Mobile edge computing (MEC) has been envisioned as a promising paradigm to handle the massive volume of data generated from ubiquitous mobile devices for enabling intelligent services with the help of artificial intelligence (AI). Traditionally, AI techniques often require centralized data collection and training in a single entity, e.g., an MEC server, which is now becoming a weak point due to data privacy concerns and high data communication overheads. In this context, federated learning (FL) has been proposed to provide collaborative data training solutions, by coordinating multiple mobile devices to train a shared AI model without exposing their data, which enjoys considerable privacy enhancement. To improve the security and scalability of FL implementation, blockchain as a ledger technology is attractive for realizing decentralized FL training without the need for any central server. Particularly, the integration of FL and blockchain leads to a new paradigm, called FLchain, which potentially transforms intelligent MEC networks into decentralized, secure, and privacy-enhancing systems. This article presents an overview of the fundamental concepts and explores the opportunities of FLchain in MEC networks.
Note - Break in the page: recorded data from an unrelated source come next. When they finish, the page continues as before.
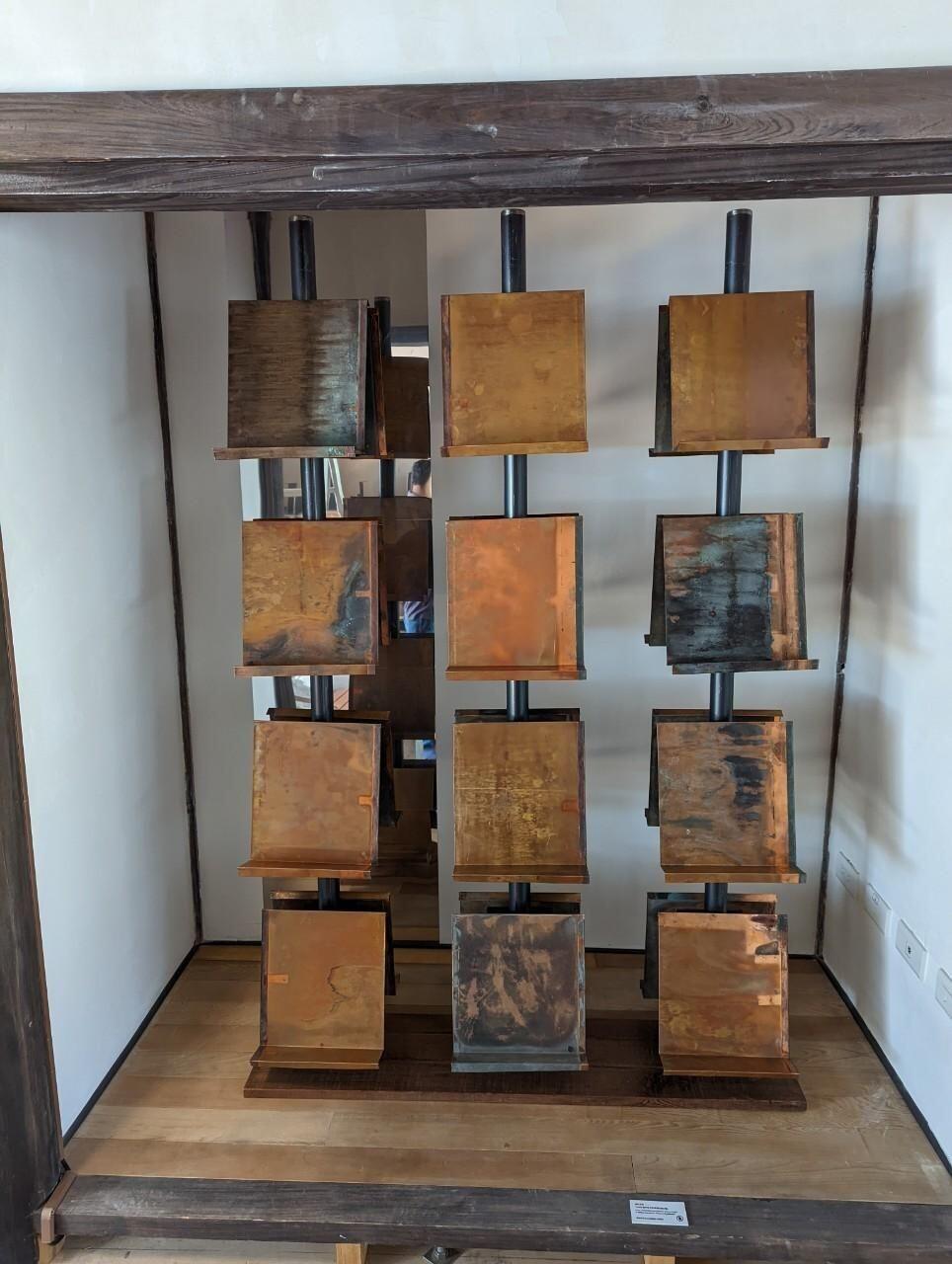 材料上是 台南市文資建材銀行所提供,親自挑選能使用的材料 ,再加以利用 銅瓦片、木樑結構、床板料、舊書桌跟還有些不能確定當初用途的材料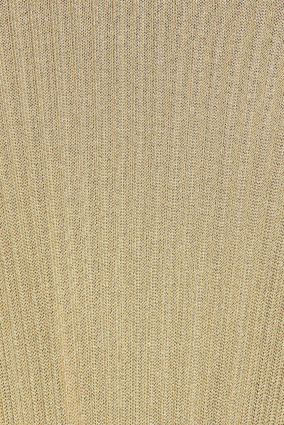 dressSelf: 67% viscose, 33% metallic fiberLining: 94% nylon, 6% spandex / Made in China / Dry clean only / Partially lined / Hidden back zipper closure / Fringe design at hem / Ribbed knit fabric with metallic threading / Our Style No. AKNF-WD58 / Manufacturer Style No. R25-4095-GOL / Model is wearing size S.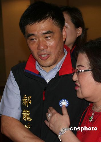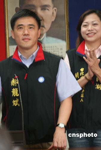 五月二十七日,中国国民党二○○六年台北市长选举提名党员投票与民意调查结果出炉。郝龙斌在此次初选结果中以百分之五十九点六八三胜出。图为郝龙斌(左)在胜出后与媒体见面。中新社发 黄少华 摄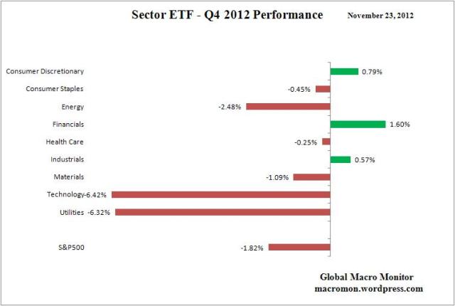 This entry was posted in Sector ETF Peformance and tagged Consumer Discretionary, Energy, Financials, Health Care, S&P500, Staples. Bookmark the permalink.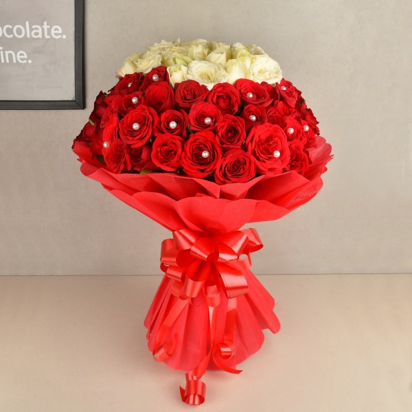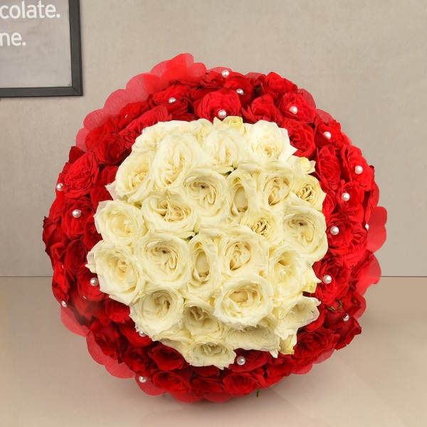 Amplify your love and make it grand with this splendid Red and White 100 Roses Bouquet. This over-the-top bouquet will easily let someone know how much they are loved. Love shouldn't be short of anything!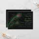 A dramatic invitation in black with two, vibrant peacock feathers.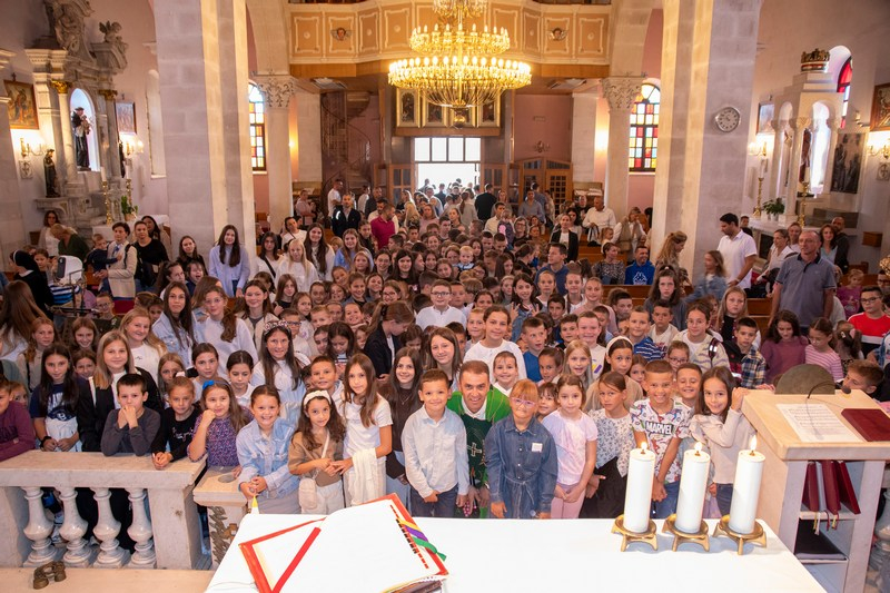 Nakon mise vjeroučiteljice Mirela i Elena su učenicima podijelile simbolične darove: olovku s porukom i slatkiš. Prije toga je bilo zajedničko fotografiranje.
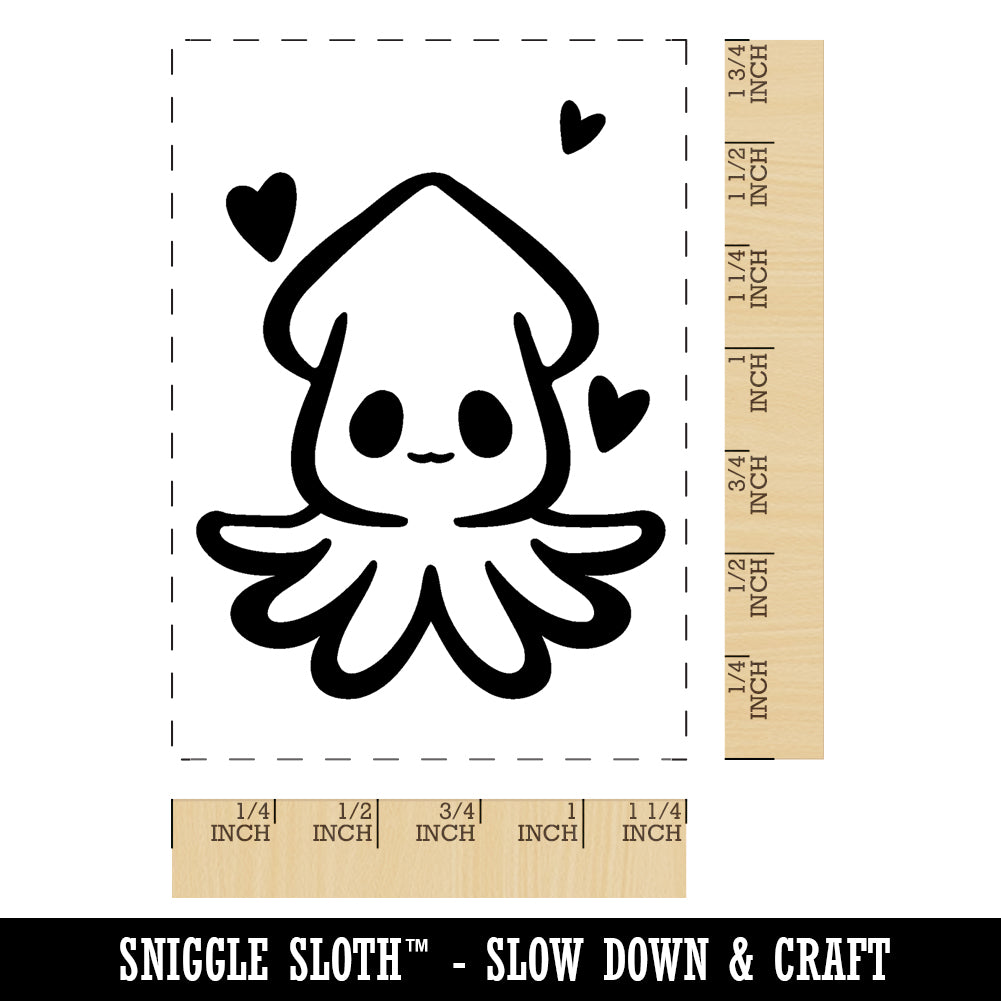 Cute Kawaii Squid with Hearts Sea Life Tentacles Rectangle Rubber Stamp for Stamping Crafting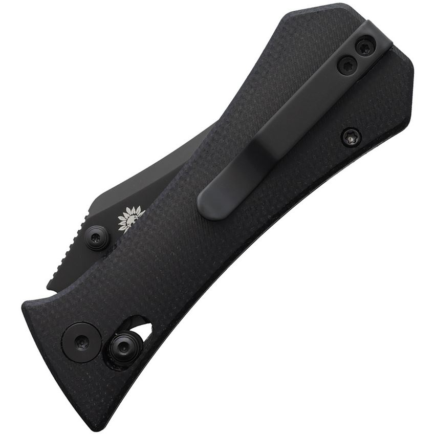 Model/Item/Part Number - AUX004BLK. Auxiliary Pocket Bowie Crossbar Lock Knife. 3.75" (9.53cm) closed. 2.75" (6.99cm) black finish 14C28N Sandvik stainless bowie blade. Black canvas micarta handle. Thumb stud. Pocket clip. Black G10 backspacer. Boxed. Made in China.
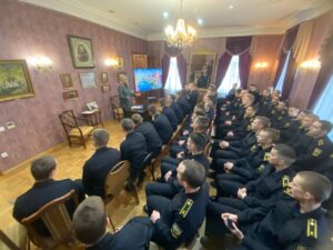 Ирина Владимировна рассказала о прекрасном поэте-орловце Евгении Аграновиче, поэте-песеннике Алексее Фатьянове, чья судьба также связана с Орлом; познакомила курсантов с некоторыми поэтическими произведениями на тему войны нашей землячки Елены Благининой.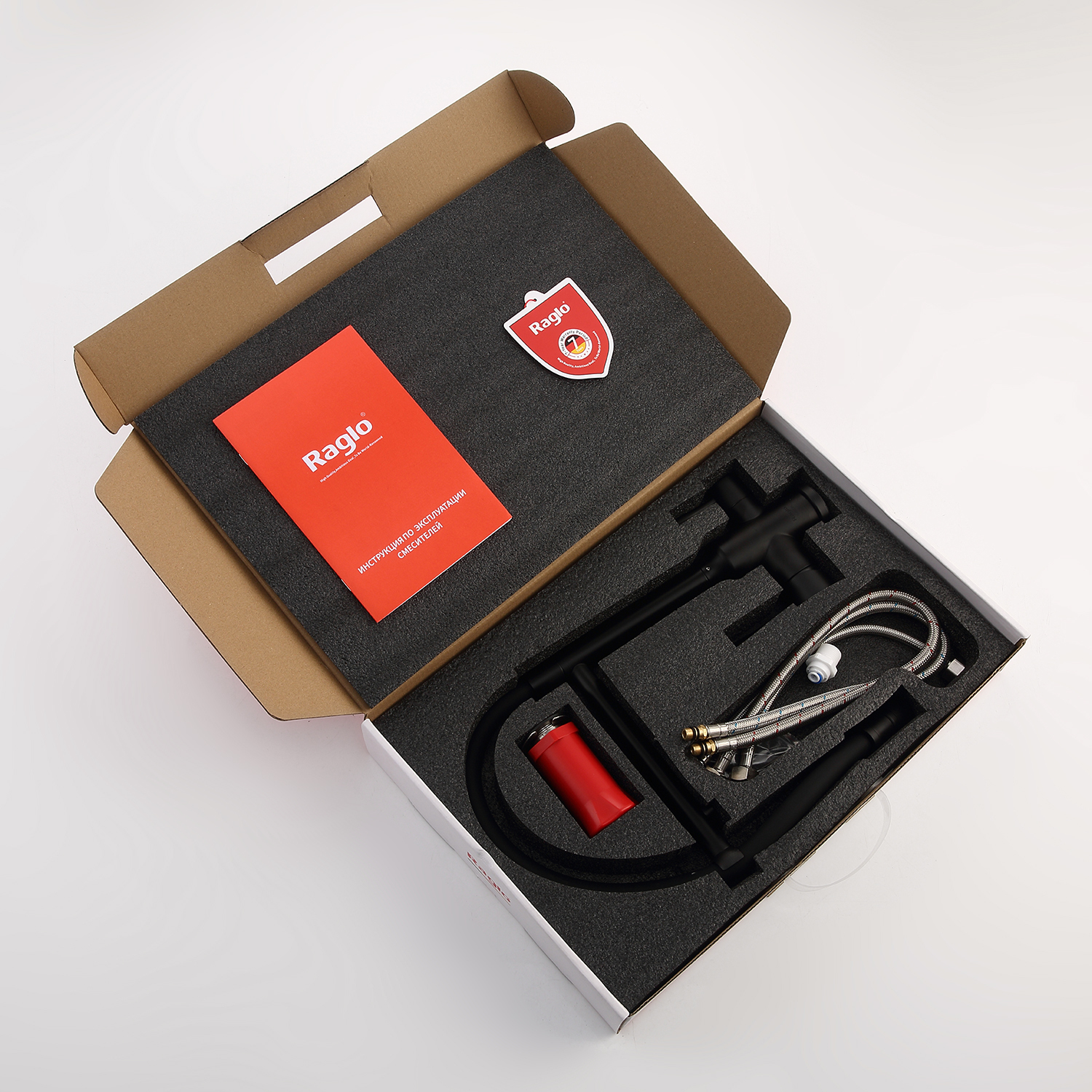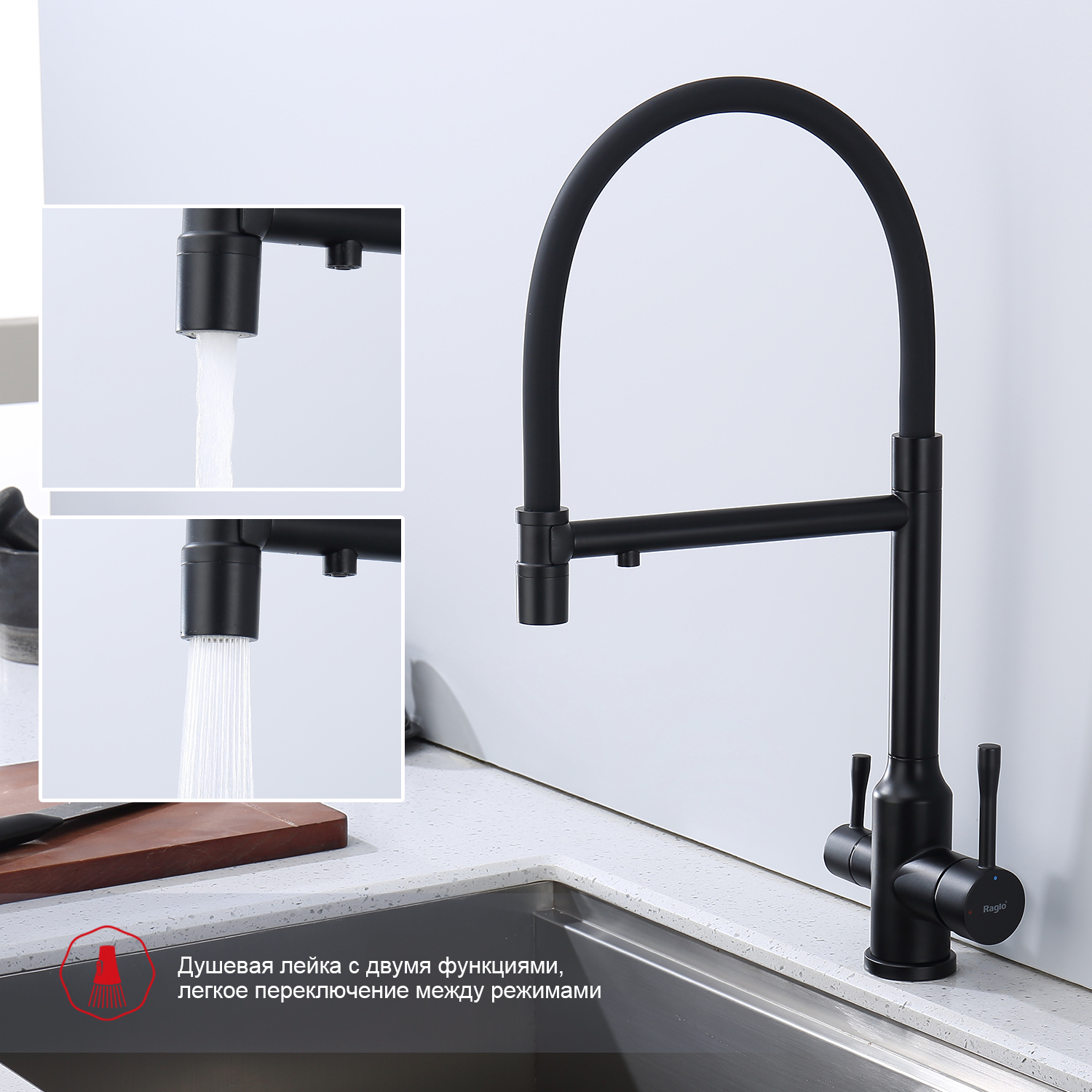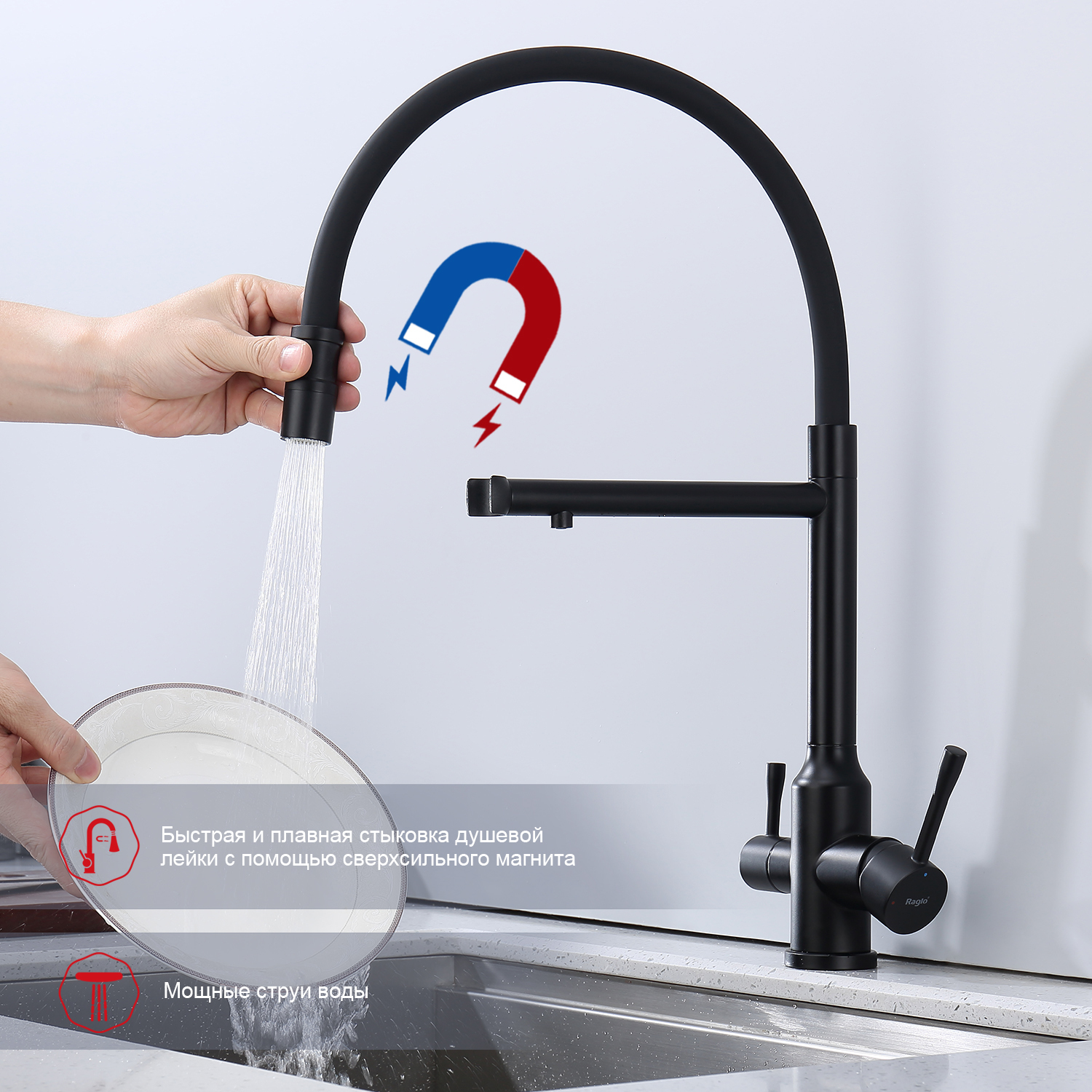 Смеситель для кухни Raglo R81.63.06 с подключением фильтра и гибким изливом, материал нержавеющая сталь, цвет чёрный.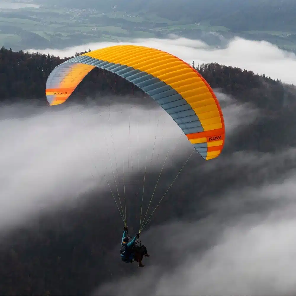 La phase de décollage d’un biplace doit être irréprochable, et le Bion 3 excelle dans ce domaine. Sa montée en voile est régulière, homogène et précise, quel que soit le vent ou le type de terrain. Sa faible vitesse de décollage facilite les départs même dans des conditions délicates.

We identify several main topics in FLchain design, including communication cost, resource allocation, incentive mechanism, security and privacy protection. The key solutions for FLchain design are provided, and the lessons learned as well as the outlooks are also discussed. Then, we investigate the applications of FLchain in popular MEC domains, such as edge data sharing, edge content caching and edge crowdsensing. Finally, important research challenges and future directions are also highlighted.